= Synchronous orbit =

Orbit of an astronomical body equal to that body's average rotational period

A synchronous orbit is an orbit in which an orbiting body (usually a satellite) has a period equal to the average rotational period of the body being orbited (usually a planet), and in the same direction of rotation as that body.

== Simplified meaning ==
A synchronous orbit is an orbit in which the orbiting object (for example, an artificial satellite or a moon) takes the same amount of time to complete an orbit as it takes the object it is orbiting to rotate once.

== Properties ==
A satellite in a synchronous orbit that is both equatorial and circular will appear to be suspended motionless above a point on the orbited planet's equator. For synchronous satellites orbiting Earth, this is also known as a geostationary orbit. However, a synchronous orbit need not be equatorial; nor circular. A body in a non-equatorial synchronous orbit will appear to oscillate north and south above a point on the planet's equator, whereas a body in an elliptical orbit will appear to oscillate eastward and westward. As seen from the orbited body the combination of these two motions produces a figure-8 pattern called an analemma.

== Nomenclature ==
There are many specialized terms for synchronous orbits depending on the body orbited. The following are some of the more common ones. A synchronous orbit around Earth that is circular and lies in the equatorial plane is called a geostationary orbit. The more general case, when the orbit is inclined to Earth's equator or is non-circular is called a geosynchronous orbit. The corresponding terms for synchronous orbits around Mars are areostationary and areosynchronous orbits.

== Formula ==

For a stationary synchronous orbit:

$$R_{syn} = \sqrt[3]{{G(m_2)T^2\over 4 \pi^2}}$$
where:

- $G$ is the gravitational constant
- $m_2$ is the mass of the celestial body
- $T$ is the sidereal rotational period of the body
- $R_{syn}$ is the radius of orbit

By this formula, one can find the synchronous orbital radius of a body, given its mass and sidereal rotational period.
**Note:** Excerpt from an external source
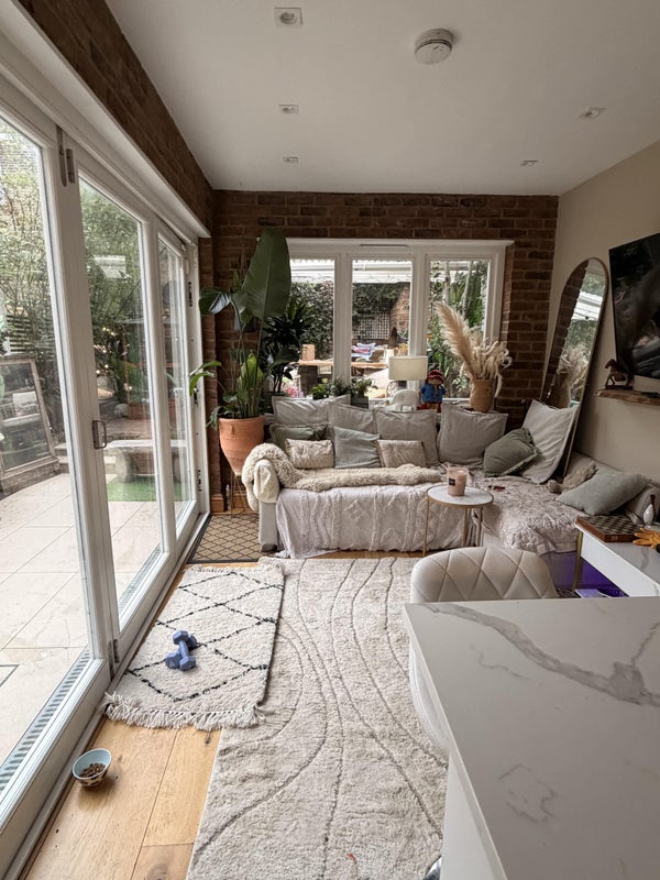 The flat is quiet and spacious, filled with light even on a rainy day.

Orbital speed (how fast a satellite is moving through space) is calculated by multiplying the angular speed of the satellite by the orbital radius.

Due to obscure quirks of orbital mechanics, no tidally locked body in a 1:1 spin-orbit resonance (i.e. a moon locked to a planet or a planet locked to a star) can have a stable satellite in a synchronous orbit, as the synchronous orbital radius lies outside the body's Hill sphere. This is universal and irrespective of the masses and distances involved.

== Examples ==
An astronomical example is Pluto's largest moon Charon.
Much more commonly, synchronous orbits are employed by artificial satellites used for communication, such as geostationary satellites.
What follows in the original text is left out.